All the Fridays of Lent Are Days of Abstinence
Catholics over 14 years of age are expected to abstain from eating meat on the Fridays of Lent.

Merchants truck the dirt from the central town of Hinche to the La Saline market, a maze of tables of vegetables and meat swarming with flies. Women buy the dirt, then process it into mud cookies… Carrying buckets of dirt and water up ladders to the roof of the former prison for which Fort Dimanche is named, they strain out rocks and clumps on a sheet, and stir in shortening and salt. Then they pat the mixture into mud cookies and leave them to dry under the scorching sun. The finished cookies are carried in buckets to markets or sold on the streets. A reporter sampling a cookie found that it had a smooth consistency and sucked all the moisture out of the mouth as soon as it touched the tongue. For hours, an unpleasant taste of dirt lingered… Marie Noel, 40, sells the cookies in a market to provide for her seven children. Her family also eats them. "I'm hoping one day I'll have enough food to eat, so I can stop eating these," she said. "I know it's not good for me." (By Jonathan M. Katz, Associated Press, January 31, 2008)

Good Friday Is a Day of Fast and Abstinence
On Good Friday, Catholics over 14 years of age are expected to abstain from eating meat on this day. Catholics 18 years of age and up to the beginning of their 60th year are expected to fast: taking only one full meal and two other light meals, eating nothing between meals.
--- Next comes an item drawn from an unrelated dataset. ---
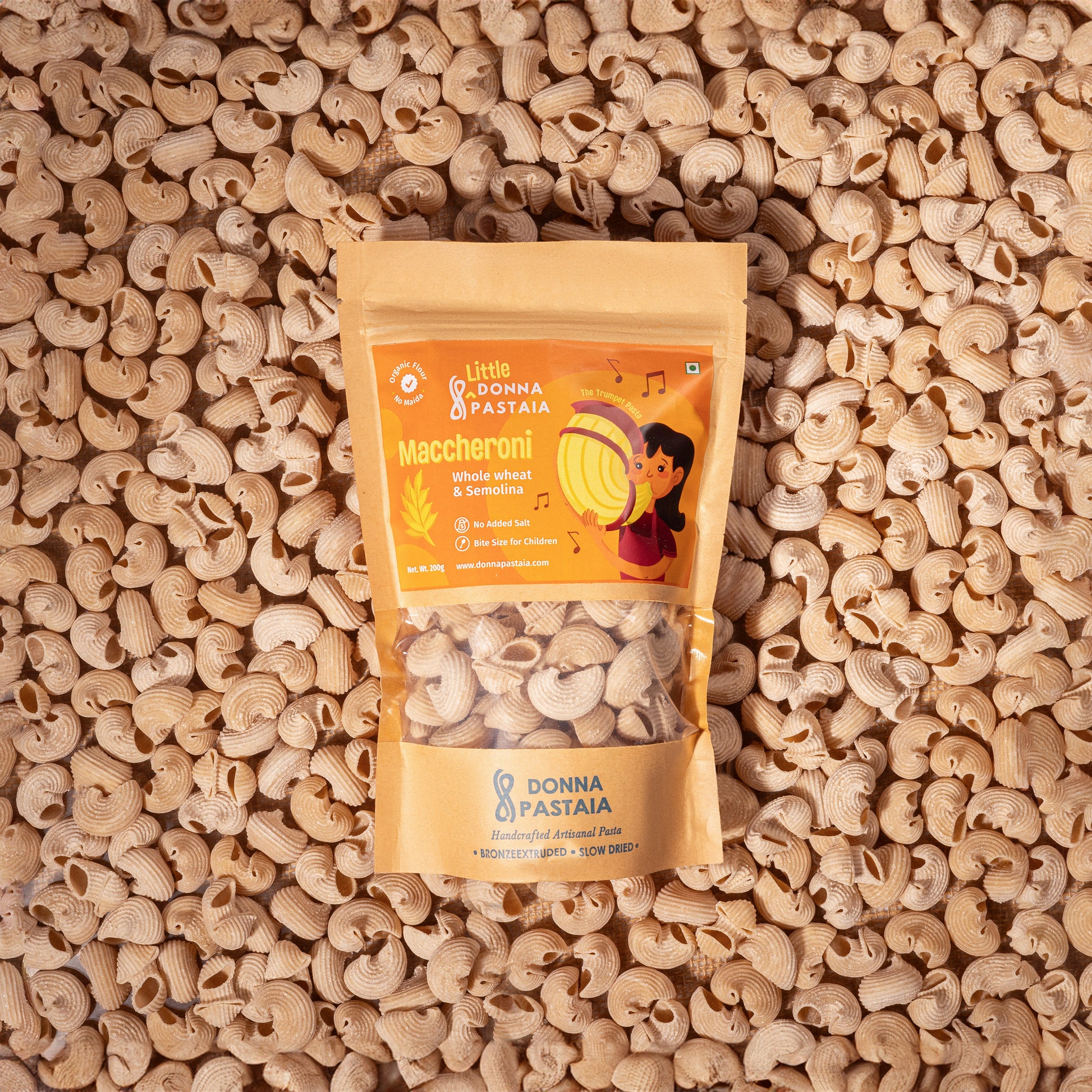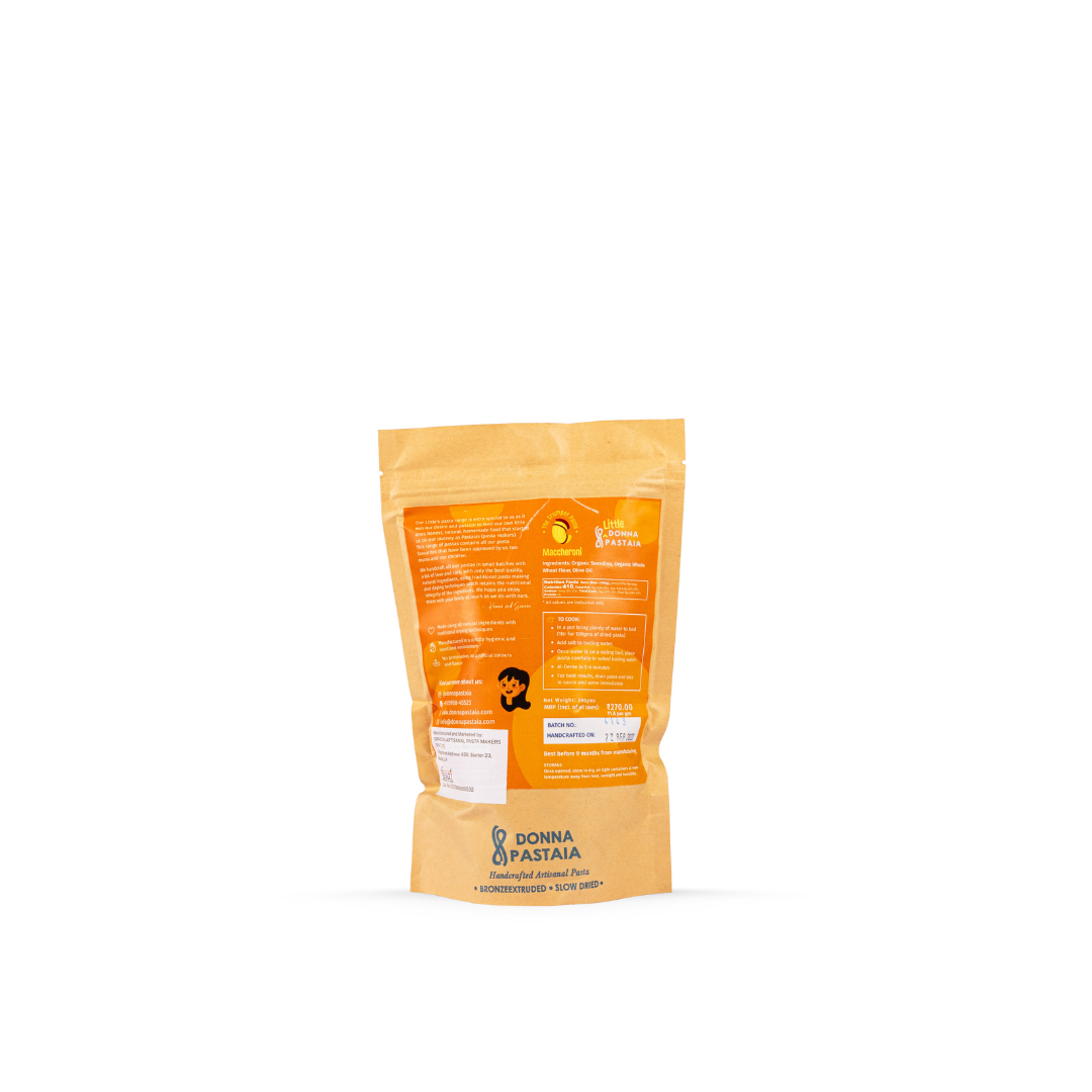 Our little's range is specially crafted for our little pasta patrons! Made with organic flours and extruded through traditional bronze dies, hand cut and slow dried - making sure the nutritional integrity of the handpicked ingredients is maintained. No maida, perfectly bite sized, no added salt and full of pasta goodness of the finest indian grains.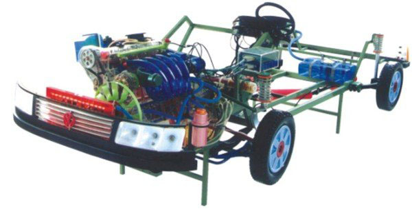 本品選用透明有機(jī)玻璃制作,內(nèi)中部件均以硬質(zhì)塑料料加工,用 螺絲固定在金屬高溫烘漆而成的車(chē)架上。各總成部分都以壓模成形加 工,代替過(guò)去膠粘合的方法,使產(chǎn)品在強(qiáng)度上有很大提高。發(fā)動(dòng)機(jī)總成用電機(jī)驅(qū)動(dòng),在油門(mén)處設(shè)有調(diào)速裝置,能演示發(fā)動(dòng)機(jī)轉(zhuǎn)速高低。離合器分離明顯,操縱靈活,離合器外殼整體壓模而成,變速箱和各檔齒輪用各種顏色表示,換檔靈活,手制動(dòng)美觀(guān)。后橋外形壓模而成,內(nèi)中主減速、差速轉(zhuǎn)動(dòng)自如,輪轂剎蹄壓模成型,剎蹄可調(diào)節(jié),前橋輪鼓可調(diào)整,轉(zhuǎn)向裝置以及電瓶、油箱、水箱,制動(dòng)管路分布清楚一目了然。電路采用對(duì)插件前后分布,燈架、風(fēng)窗、儀表板、后燈架用透明有機(jī)玻璃壓模成整體美觀(guān)逼真。

From Soutenus: During Lent you might want to place the money save by fasting and abstinence aside for people in poverty. Go to the St. Boniface Haiti Foundation to learn about their nutrition programs.

5 comments:

EC Gefroh said...

My mom told me about this yesterday. Then I saw the pictures on your post and it struck me so much I kept waking up during the night with this image in my mind. Thank you for posting this. We should always remember our sisters and brothers in need.

Soutenus said...

I had a physical reacton to this, also. I push this reality out of my mind so often that it has become a habit. I am so ashamed to admit that. Our family talked and we realize we need to do something - even if it seems small in the bigger picture. We have made our plan - now we just need to stick to it (and NOT push this out of our minds)!

EC Gefroh said...

I know what you mean. I think we will try make sure the contents of our rice bowl go to help the people in Haiti or any other place where they suffer from hunger.

Anonymous said...

Wow. This brings up some bad memories of Ecuador for me. The problem is that I feel so helpless in the face of so much wrong. I don't support the missions where I worked because I decided to give in my local community but still . . .I feel guilty.

Maria (also Bia) said...

You know, when I was a senior in High School I was one of six students chosen to participate in a mission trip to Haiti. I've been to Port-au-Prince, and I've seen Cite Soleil...and the images are still with me. On one trip there was one mother who insisted that the local missionaries accompanying us take her child back to their orphanage because she wanted it to live. She gave her baby away to give it a chance at life.

Anyway, thanks for this post...it was a perfect reminder for the start of Lent.